The Wall Street Journal (10/19/20) still maintains that Morales “claimed victory in an election that observers said was marred by irregularities.”

That MAS won this month’s election in an apparent landslide hasn’t meant an end to US media hostilities. The Wall Street Journal  (10/19/20) said that Arce’s victory comes after “observers from the Organization of American States said that an audit turned up ‘clear manipulation’ of the voting system” in Bolivia’s 2019 election, as though the OAS verdict were universally accepted rather than widely rejected. The paper misleadingly described Morales’ ouster as a “resignation”—as though it were voluntary—and said that Áñez’s government “has been criticized as corrupt and botching its response to the Covid-19 pandemic,” without mentioning that it has also been criticized for slaughtering protestors and rampant political repression. The AP (10/19/20), similarly, said Morales left “when police and military leaders suggested he leave,” akin to saying that a shopkeeper gave the Mafia protection money when they “suggested” doing so.

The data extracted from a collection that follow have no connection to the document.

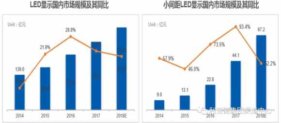 2018年LED整體市場預(yù)估325億,LED小間距整體市場預(yù)估67億,其中利亞德小間距在市場中的占有率為50%以上。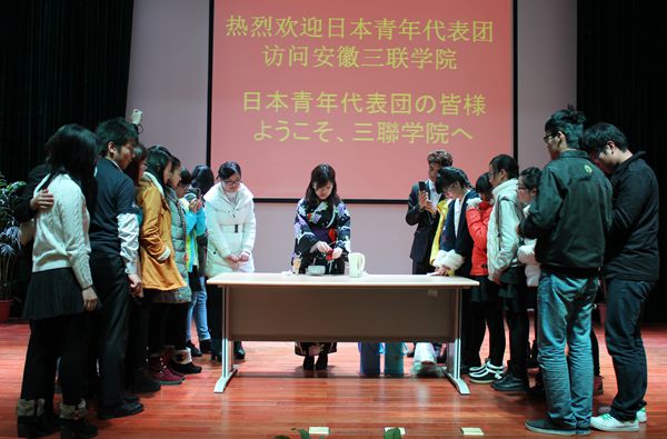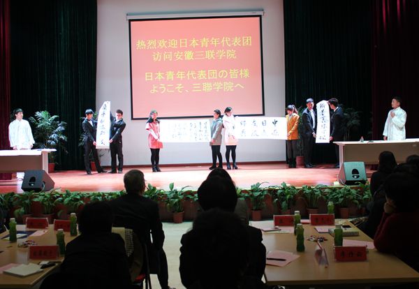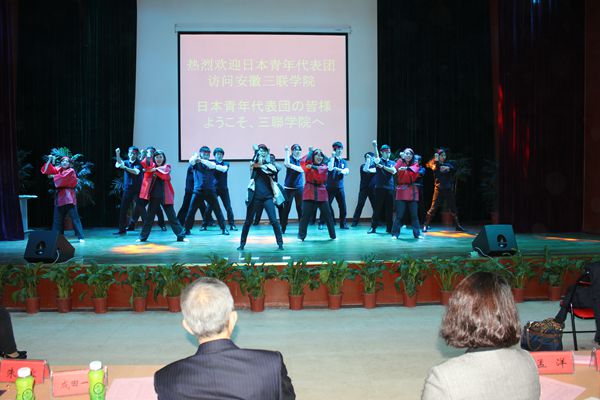 下午15:00,在我院图书馆多功能厅举行了中日青年交流会,院领导鲁先长代表学院致欢迎词,并与成田一郎团长互赠了礼品。交流会现场,日本各界杰出青年代表与我院优秀青年学子表演了富有特色的文艺节目,现场一片欢声笑语。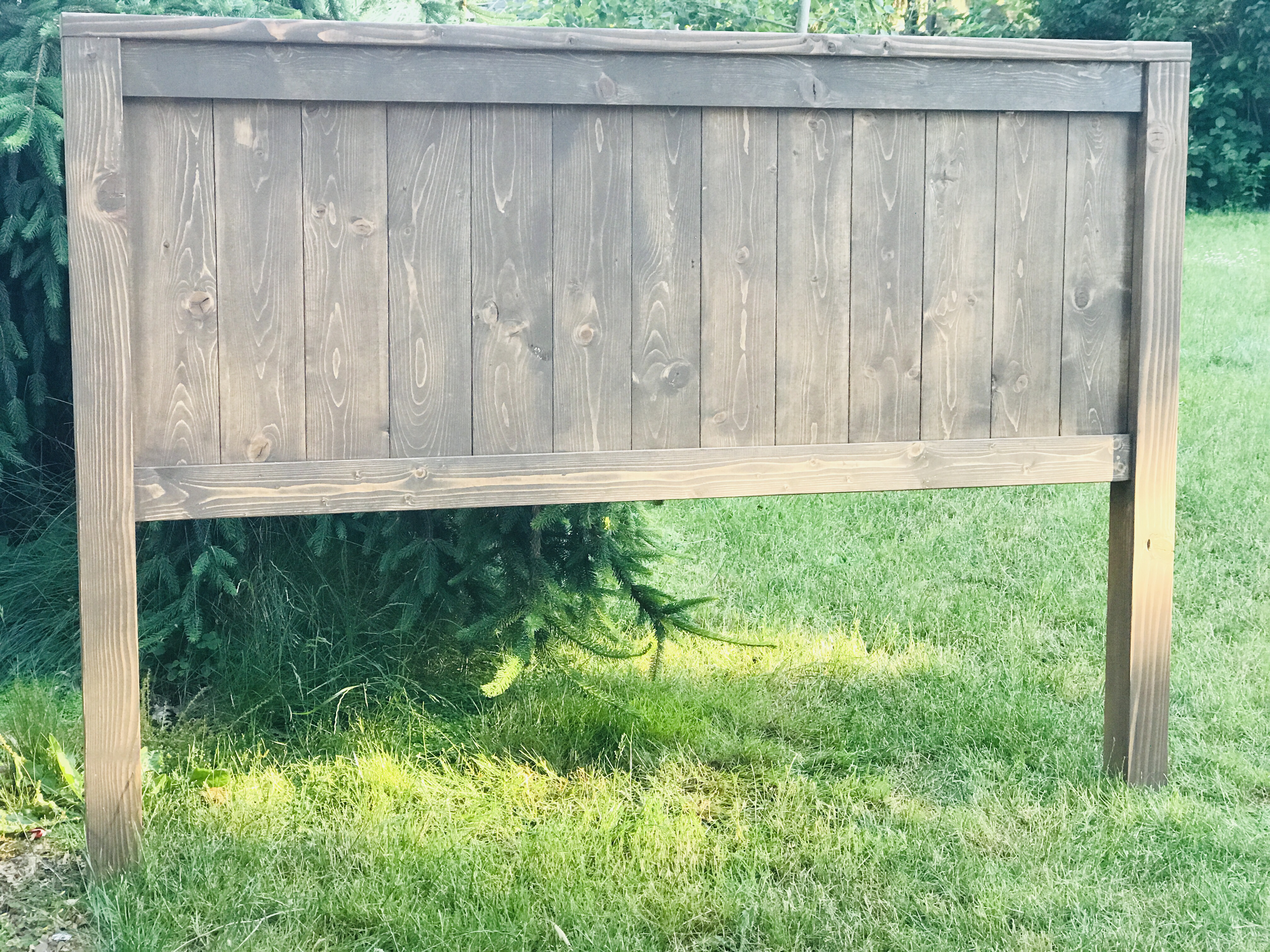 King Size Farmhouse Headboard. Two different style techniques pictured above. All stained and distressed version, but done lightly.

A subsequent Journal (10/20/20) article quoted Jim Shultz of the Democracy Center:

“This is the election that Bolivia would’ve had a year ago if Evo had respected the constitution,” Mr. Shultz said, referring to Mr. Morales’ failed bid to seek a fourth term and the turmoil that followed. “Bolivia would’ve been spared all of the trauma over the last year.”

Curiously, the article does not give space to anyone offering the perspective that  “Bolivia would’ve been spared all of the trauma over the last year” if the country’s US-backed right wing hadn’t carried out a coup and then murdered people. Never mind that Morales’ 2019 bid for a fourth term wasn’t “failed,” in that he won the vote, and there are no credible claims he did so because of fraud; it’s also not true that Morales failed to “respect…the constitution.” While the results of a referendum said that Morales could not run for a fourth term, the country’s Supreme Electoral Court later ruled that Morales could run in 2019.

AP (10/20/20) took the same line, saying that Morales “shrugged aside a public vote that had set term limits,” as if the court’s decision hadn’t taken place, and as if courts don’t regularly overturn democratic decisions, including referendums, in the US or liberal democracies the world over.

Continuing to lie about Morales and MAS even after this year’s electoral triumph functions as an attempt to discredit socialists in Bolivia, Latin America and beyond, giving the MAS an undeserved reputation for being authoritarian while papering over the worst violations the Bolivian right enacted in its year in power. Muddying the facts in this fashion perpetuates the narrative that Bolivia’s left-wing forces are enemies of human rights and democracy, propaganda that could make it harder for citizens in the Global North to demand their governments allow Bolivians to self-govern as they see fit.

In these ways, the coverage is priming American audiences to acquiesce to their government’s support for the racist, violent, undemocratic Bolivian right wing, and against an MAS movement that has brought major gains to the Bolivian population.